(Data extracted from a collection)
........
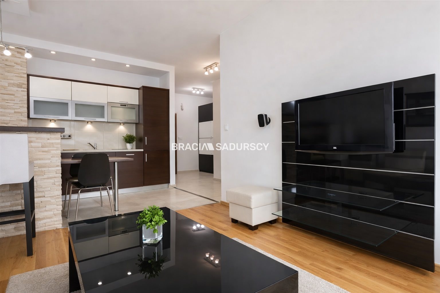 salon z aneksem kuchennym i wyjściem na balkon
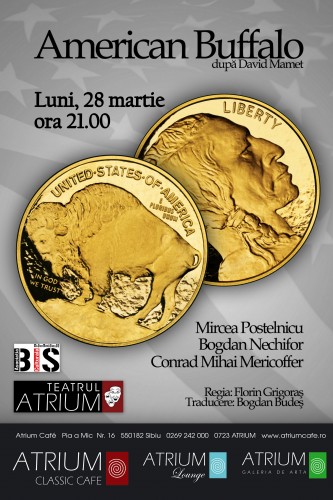Atrium Classic Cafe vă invită la un spectacol extraordinar, „AMERICAN BUFFALO” de David Mamet, traducere Bogdan Budeş, cu Mircea Postelnicu, Conrad Mihai Mericoffer, Bogdan Nechifor. Acest spectacol este în continuarea Festivalului maraton de teatru: RESPIRĂ.TEATRU 25 de ore de teatru non-stop.
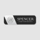 Schwarze Namensschilder, die mit Ihrem eigenen Firmenlogo auf einem hellgrauen Farbverlauf gekennzeichnet sind. Einstellungsfähiger Name in einem eleganten Serif-Schriftart und Name/Firma unten. Mit dem Designwerkzeug können Sie Schriftart ändern, Elemente verschieben und verändern.
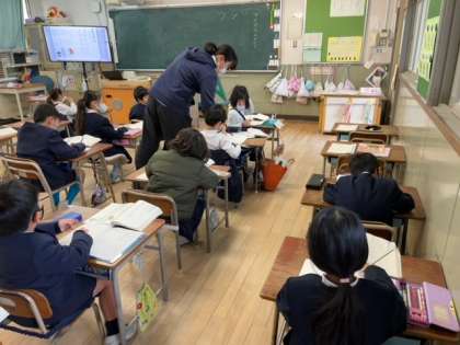 カタカナのかたちによく似たひらがな、カタカナとうしでかたちが似ている文字について学習しました。「ツ」と「シ」の違いなどを書き方も含めて確認しました。
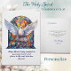 Offer comfort and spiritual peace with this personalized sympathy card featuring a stunning stained-glass image of the Holy Spirit as a magnificent white dove. Set before a radiant stained-glass church window, the dove’s wings are spread in glorious fashion, symbolizing divine comfort, hope, and eternal peace for those who mourn. The vivid stained-glass colors of blue, violet, red, and orange create a powerful and uplifting visual that brings warmth and reverence to this heartfelt design.
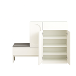 Configuration: Integrated cushioned bench seat above a concealed shoe storage compartment
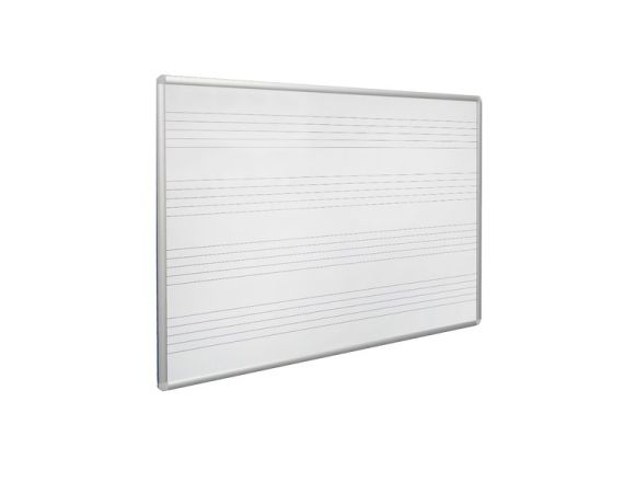 Lavagna magnetica pentagramma con superficie in acciaio laccato da 4 decimi, scrivibile e cancellabile con marcatori a secco con cornice in alluminio. Completa di vaschetta portaoggetti e materiale per fissaggio a muro.
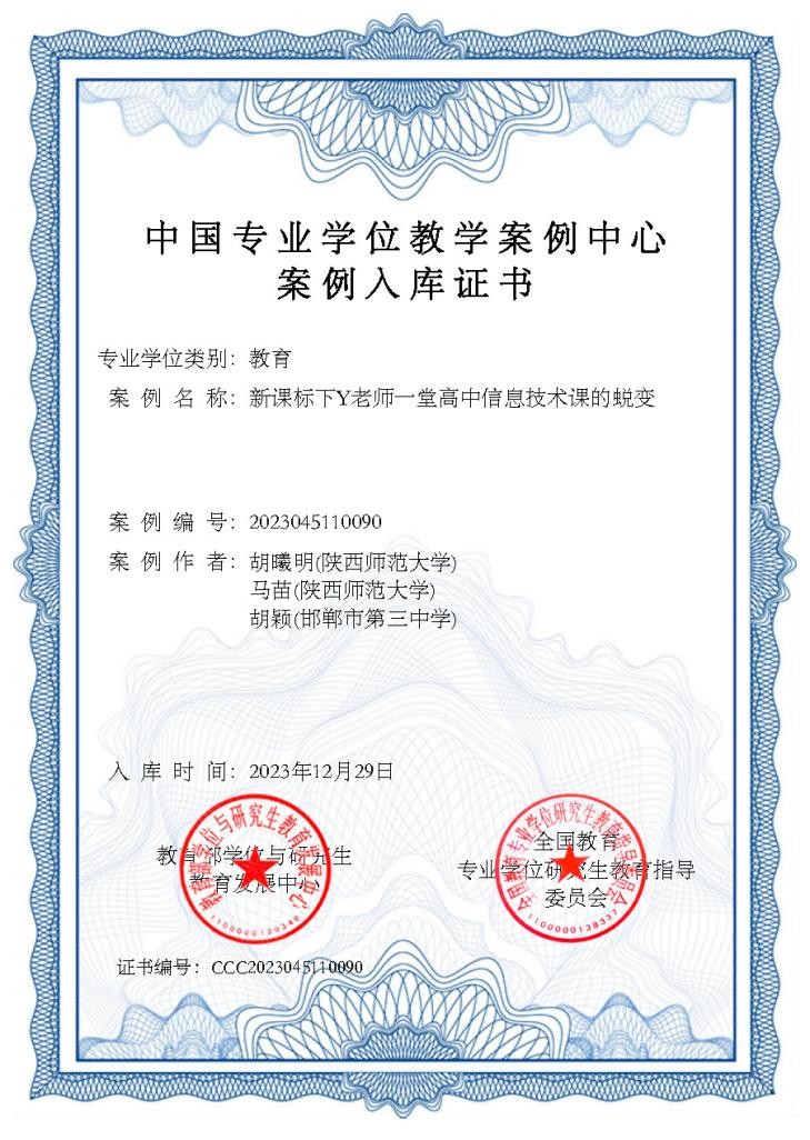 近日,全国教育专业学位研究生教指委发布《关于公布第五届教育专业学位教学案例征集工作评审结果的通知》,万象城官网胡曦明、马苗联合邯郸市第三中学胡颖开发的“新课标下Y老师一堂高中信息技术课的蜕变”教学案例入选中国专业学位教学案例中心案例库。这是万象城官网专业学位教学案例首次入国家级教学案例库。
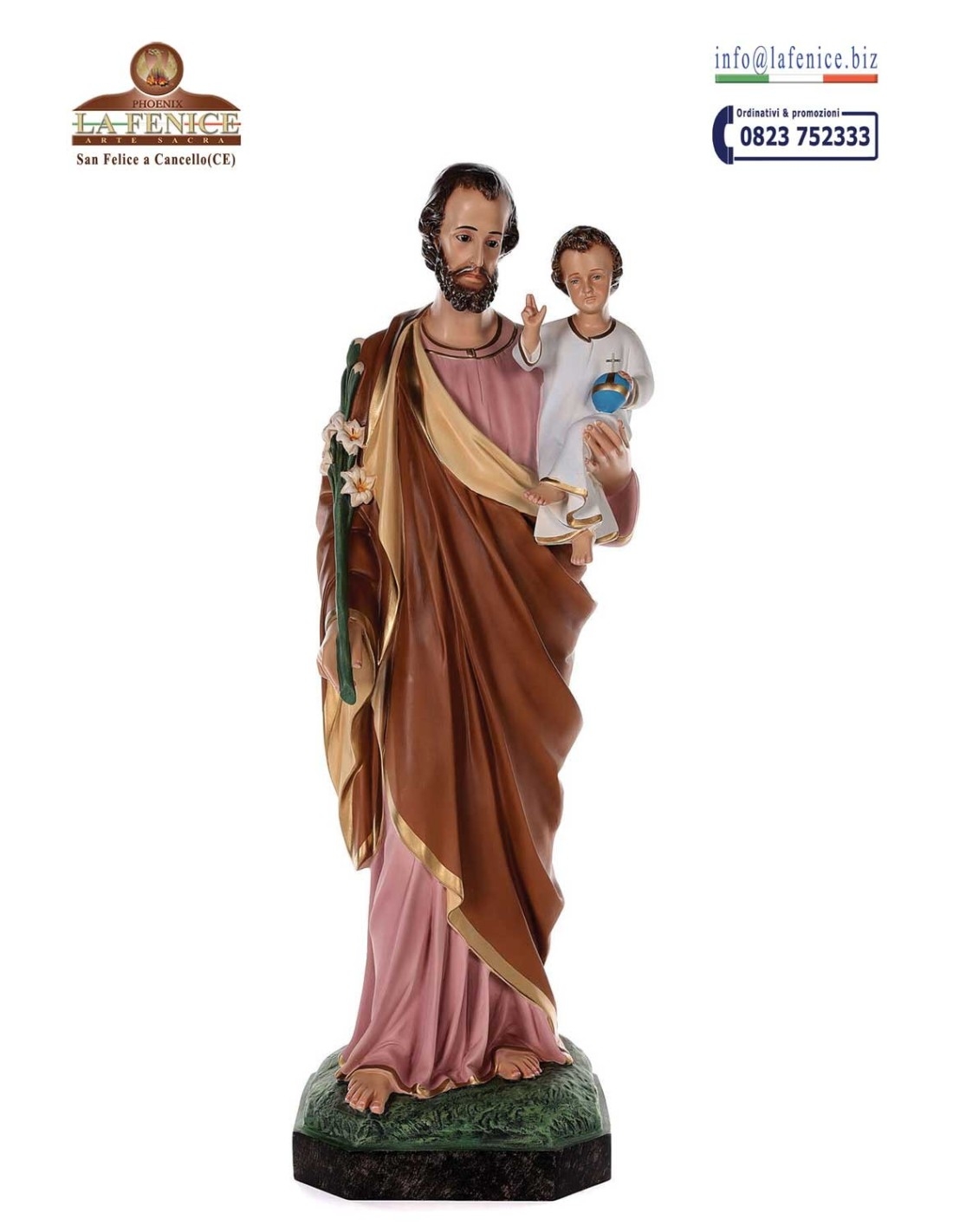 Statue depicting Saint Joseph with Child. Height 100cm. Made of FIBERGLASS. Painted and finished by hand.
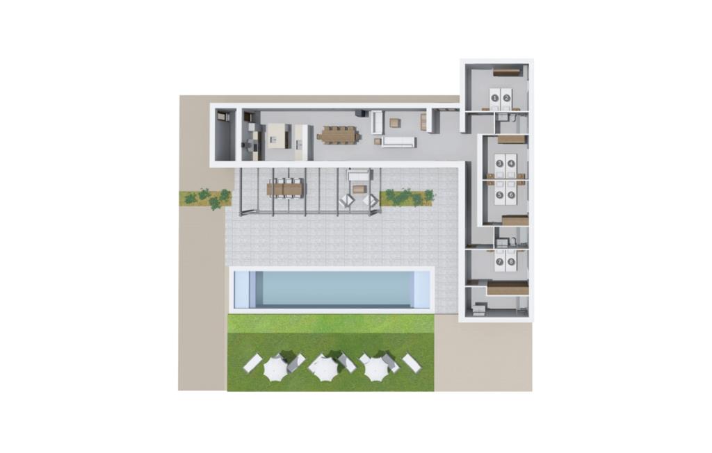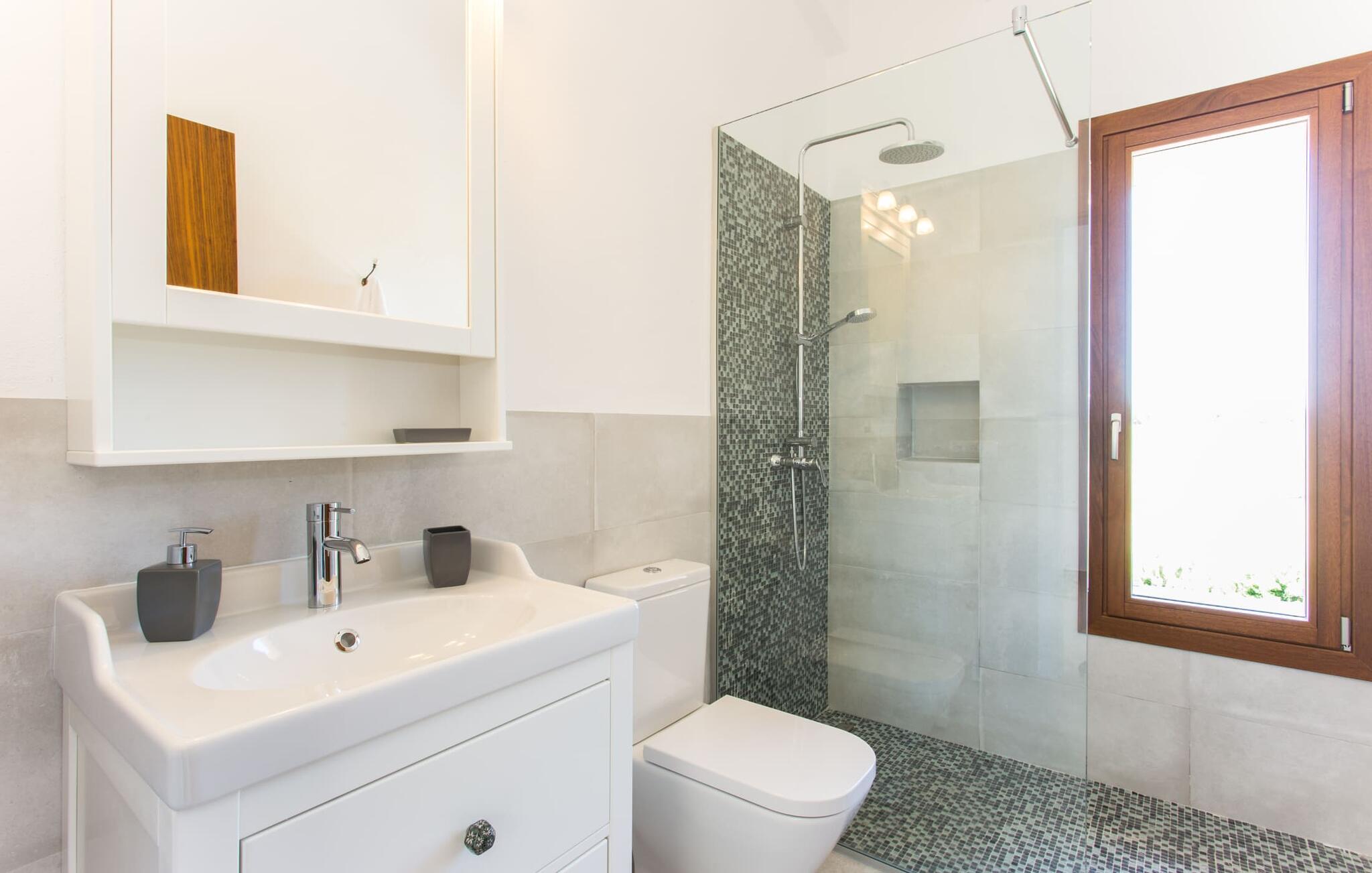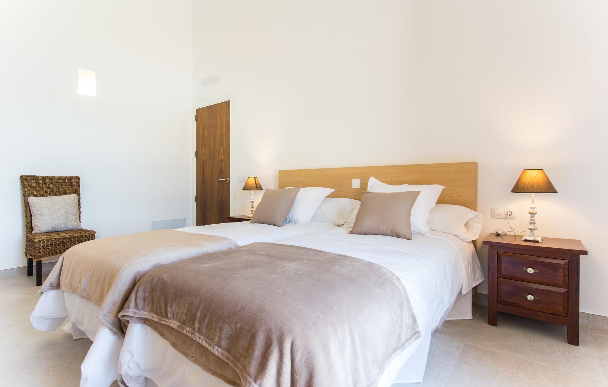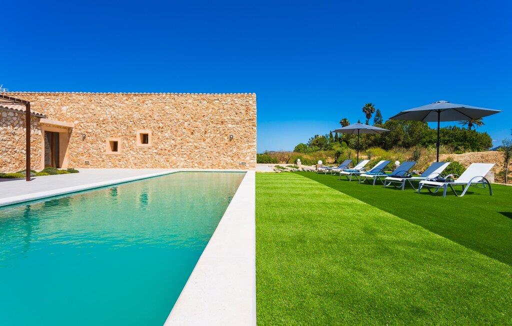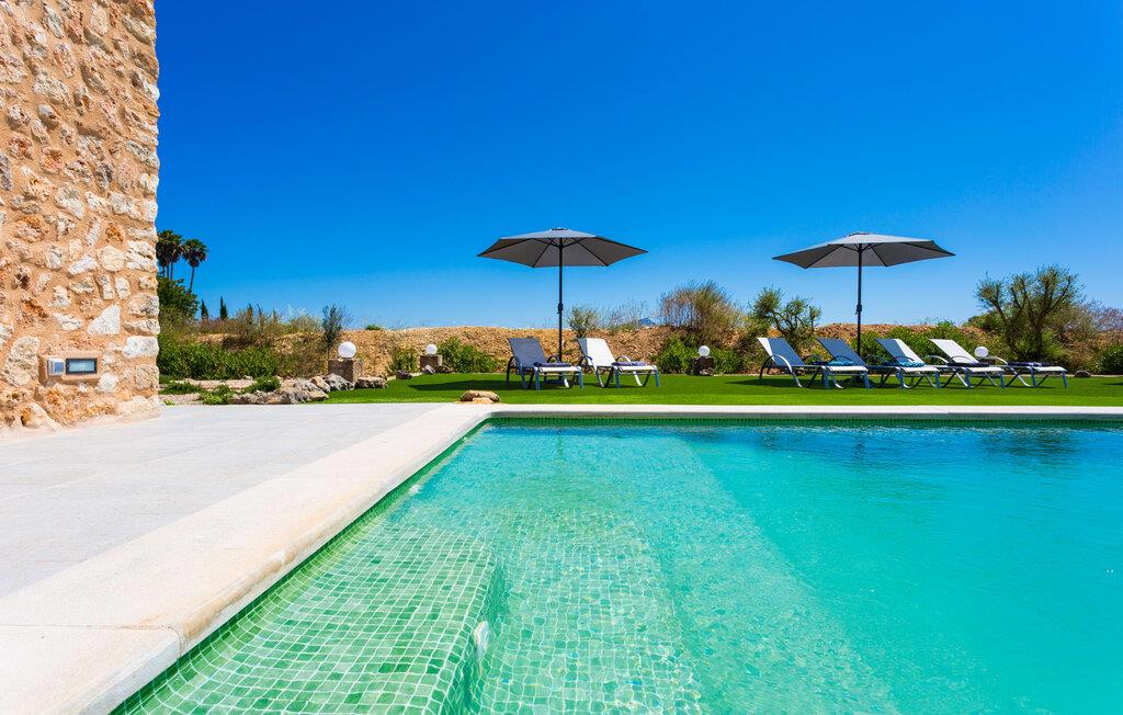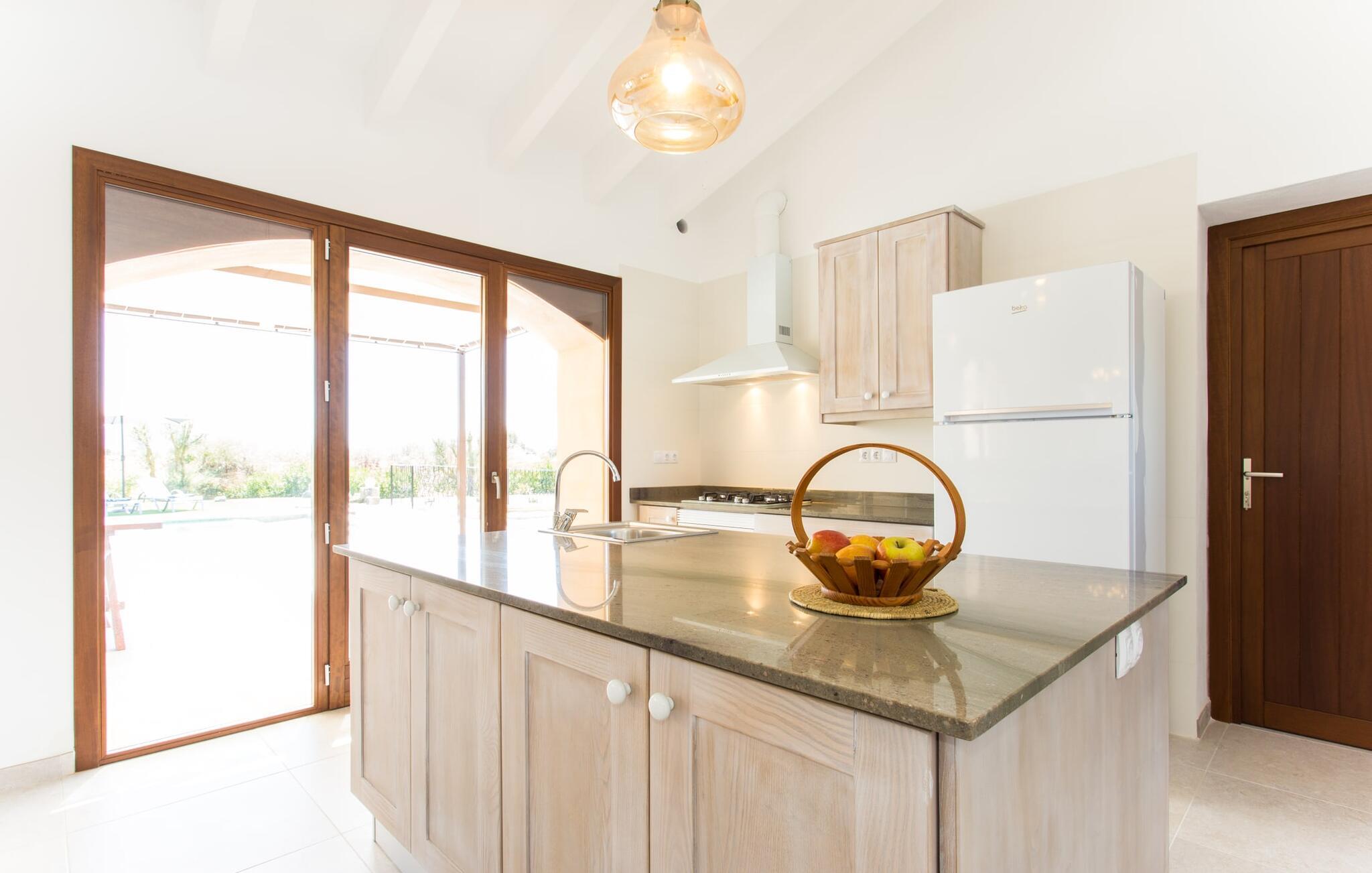 "Can Gusti" er bygget til jer. Til jeres behov, til jeres krav, til jeres afslapning. Den L-formede bygning opfylder perfekt kravene til et indbydende nyt hus og afspejler med sin stenfacade også den mallorcanske landstedstradition. Samme indtryk opstår på den rummelige ejendom med talrige træer - gamle og nyplantede - og et landligt miljø præget af landbrugsaktivitet. Hegn i nærheden af haven, pool og terrasseområder er ikke påkrævet, da der ikke er nogen naboer i syne. Afslappende liggestole venter på jer på det frodige grønne kunstgræs. Parasoller, som af og til er nødvendige for beskyttelse, når solen er for stærk, er også tilgængelige. Den turkise, mosaikbelagte pool med en let trappet indgang er ret smal, men samtidig lang nok til komfortabelt at svømme i længder. Svømmehallen er på den ene side omkranset af græsplænen og på den anden side af terrassen, der strækker sig til bygningen og er delvist overdækket af en markise. Herunder finder I ikke kun et langt træbord med smarte stole i rattanlook, men også et hyggeligt loungehjørne. Med en mobil gasgrill er der intet i vejen for en skøn grillaften. Indretningen er en fuldstændig afvigelse fra den klassiske mallorcanske stil, men det er på ingen måde skuffende. Det er indbydende lyst, ikke kun på grund af de store terrassedøre i glas, der fører ud til terrassen. Strålende vægge, hvide loftsbjælker og matte sandstensgulvfliser står kun i kontrast til det naturlige træ i de mørke vindues- og dørkarme. Den sarte farvepalet går igen i den åbne stue med et væghængt tv og er desuden udstyret med elegante antracitfarvede hyggesofaer. Det lange spisebord i lyst vintage-look skaber forbindelse til køkkenet, som kun er adskilt af en elegant disk. Bagved er et fuldt udstyret landstedskøkken med et hvidkalket look, som har alle de tekniske faciliteter, I har brug for til en afslappet ferie med selvforplejning. Alle fire soveværelser er på samme etage. Disse er også lyse, venlige og attraktive og giver plads nok til at opbevare jeres feriegarderobe. Det store soveværelse har eget badeværelse, de to andre badeværelser er frit tilgængelige fra gangen. Badeværelset har et trendy og moderne design: brusekabiner i gulvniveau med regnbruser samt eksklusive fliser i trælook, sten eller grå mosaik - hver individuelt designet. Ferie på højt niveau – denne smukke nye villa hører uden tvivl til i denne kategori. Villaen er desuden drevet af klimavenlig solenergi, hvorfor installation af poolbelysning, aircondition og andre enheder, der forbruger meget energi, ikke er mulig. Beliggenheden spiller naturligvis også en vigtig rolle for at sikre en behagelig ferie, og også på dette punkt modtager villaen "Can Gusti" vores særlige anbefaling. Som I kan se på vores luftfotos, er det vidunderligt landligt og roligt og har ingen direkte naboer. Men det ville være en skam, hvis I ikke udforskede i det mindste noget af det skønne, som Mallorca har at byde på. Dette inkluderer at besøge byer som Felanitx eller Manacor og slentre gennem markederne der. Til sightseeing kan I også besøge øens vartegn, herunder klostret Sant Salvador, der ligger på et bjerg nær Felanitx, og også de talrige strande i øst, især den næsten uberørte badebugt Cala Varques og mange, mange, flere. Sportsentusiaster bør bestemt besøge Rafa Nadal Tennis Academy, som ligger kun omkring 8 km væk. Hvis I ikke kan passe alt ind i Villa Can Gusti ved jeres første besøg, skal I bare bestille igen næste år. En storslået villa venter på jer, selvom I er der for første gang. Det attraktive poolområde og de omfattende kunstgræsarealer er et sandt højdepunkt i den nye villa "Can Gusti". Ejendommen er beliggende i en vidunderlig rolig, landlig beliggenhed lige nord for Felanitx. I kan enten tage til Felanitx for at shoppe dagligvarer og andre fornødenheder, eller endda til Manacor for mere omfattende shoppingture. Der er kun 20 km til "Calas de Mallorca", de smukke sandstrande på østkysten - en behagelig afstand til en eftermiddagstur.
........
◆ Task directions ◆
Leave the pictures out, and transcribe exactly the lines above starting at the one that contains "Schwarze Namensschilder, die" and ending at the one that contains "Offer comfort and".

◆ The completed task ◆
 Schwarze Namensschilder, die mit Ihrem eigenen Firmenlogo auf einem hellgrauen Farbverlauf gekennzeichnet sind. Einstellungsfähiger Name in einem eleganten Serif-Schriftart und Name/Firma unten. Mit dem Designwerkzeug können Sie Schriftart ändern, Elemente verschieben und verändern.
 カタカナのかたちによく似たひらがな、カタカナとうしでかたちが似ている文字について学習しました。「ツ」と「シ」の違いなどを書き方も含めて確認しました。
 Offer comfort and spiritual peace with this personalized sympathy card featuring a stunning stained-glass image of the Holy Spirit as a magnificent white dove. Set before a radiant stained-glass church window, the dove’s wings are spread in glorious fashion, symbolizing divine comfort, hope, and eternal peace for those who mourn. The vivid stained-glass colors of blue, violet, red, and orange create a powerful and uplifting visual that brings warmth and reverence to this heartfelt design.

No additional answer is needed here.